Alternatively, in this second negotiation, the Payor may decide to propose the “split and settle” option based on the last known disclosed offers in the first negotiation—i.e., $100,000 and $150,000. If the Payee agrees, then the case is settled at the mid-point, or $125,000.

The use of the settlement system is expected to result in the settlement of disputes sooner than settlement might otherwise occur, thus saving trial preparation or other litigation costs. The dynamics of each dispute will determine the point at which this settlement system will help the parties reach settlement. In some cases, it could be at the very beginning of the negotiation process. In others, it might be near the end of the process.
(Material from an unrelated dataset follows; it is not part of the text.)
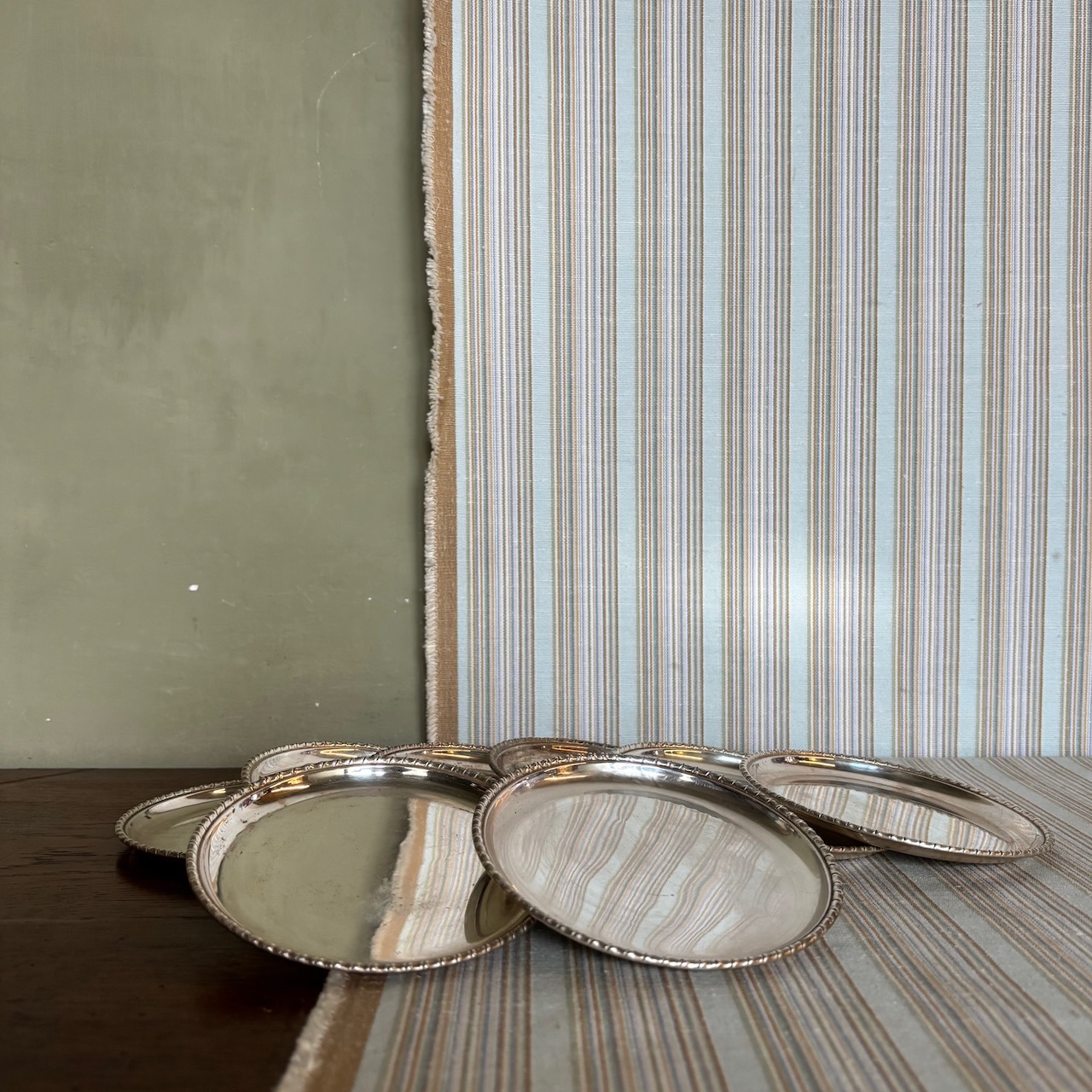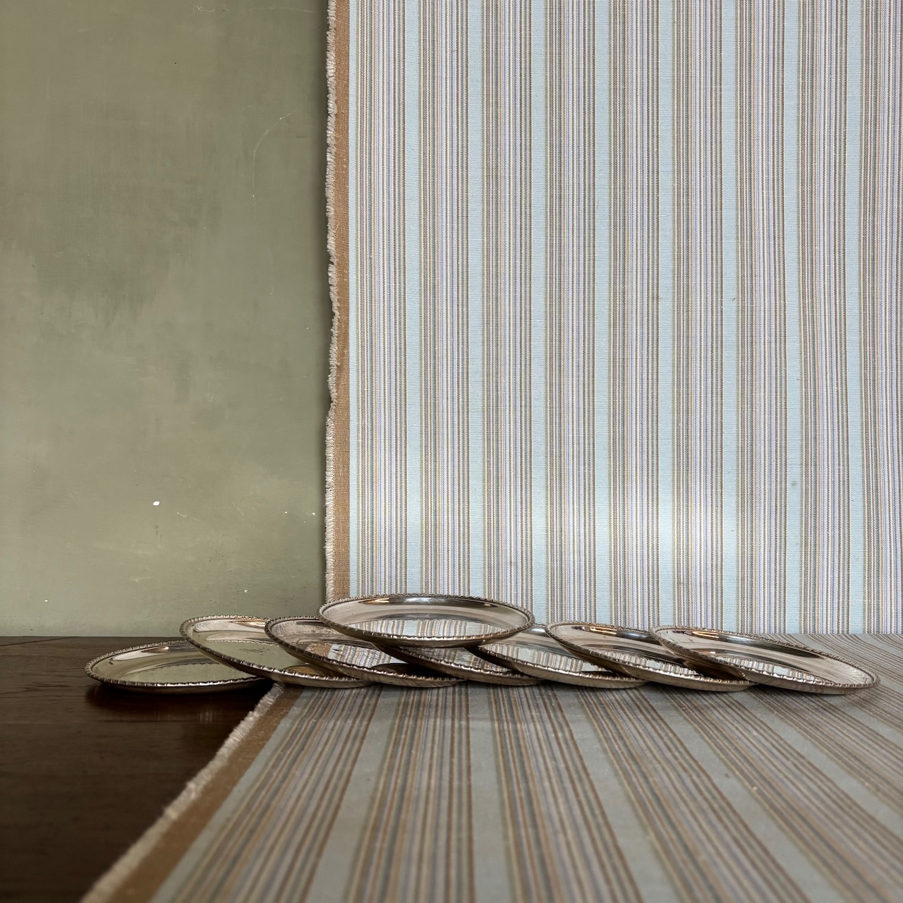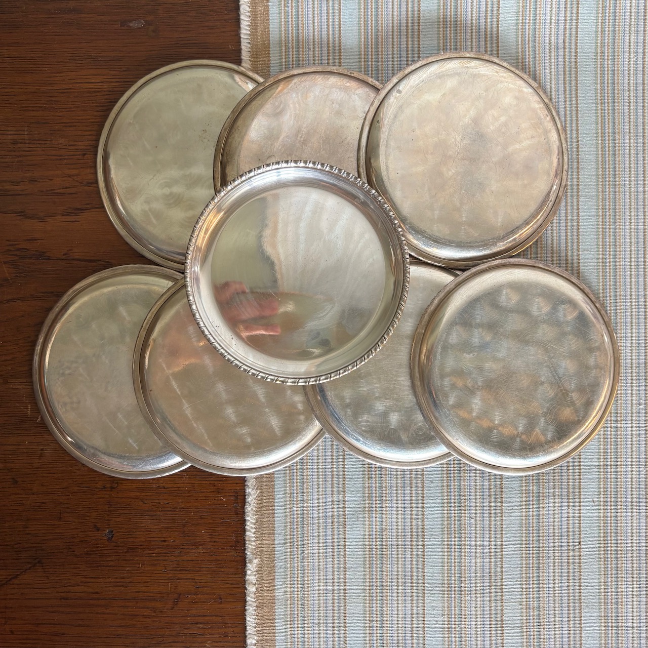Otto piccoli piatti pane argento su rame, profilo cordonetto San Marco. Italia, sec. XIX

The second approach available to potential negotiators through the present invention is the Split and Settle option. With this approach, one party proposes to split the difference between known settlement offers to produce a binding settlement at the midpoint. As indicated above, both parties have the opportunity to signify their willingness to split the difference, but settlement is not reached unless both parties agree to this option. If either party is unwilling to split the difference, the automated negotiations will still proceed under the Confidential Offer Program

Operation of the System

The flowchart in FIG. 1 illustrates the steps of the automated settlement method of the present invention from the Offeror's point of view. As explained above, the Offeror is simply the first party to a dispute that decides to avail him/herself of the automated settlement method. The offeror can be a Payee, meaning a party expecting to receive a dollar amount in settlement, or a Payor, meaning a party expecting to pay some dollar amount.

In accordance with the present invention, the Offeror initiates the process by entering the secure automated settlement website. The home screen of the website can display an explanation of the process and the automated settlement process options. The Offeror can elect to commence the process or simply leave the home page. To initiate the automated settlement process, the Offeror first enters information about the parties and the case. At a minimum the information must include the names and e-mail addresses of the parties. Ideally, the Offeror will include information specific to the particular dispute, such as a unique identifier or case name. The dispute-specific information must be descriptive enough so that the other party can readily identify the particular dispute. This information is important where one or both of the parties are involved in several mutual negotiations, such as might arise between insurance companies. The information can also include an identification of authorized negotiators for the Offeror. This identification is helpful where several negotiators serve a single client, such as where the client is an insurance company.

When sufficient information has been entered by the Offeror, the underlying program issues a unique secure authorization number that will be used by the parties to track the automated settlement process. The automated settlement contract is then displayed to be read by the Offeror. The contract may suitably be executed online at the settlement system website. By executing this contract each party is agreeing to consummate the settlement under the agreed conditions, whether the parties proceed to settlement by way of the Confidential Offer process or the Split and Settle process. If the Offeror refuses to execute the contract, the session is terminated and the other party has no knowledge of the Offeror's aborted activities.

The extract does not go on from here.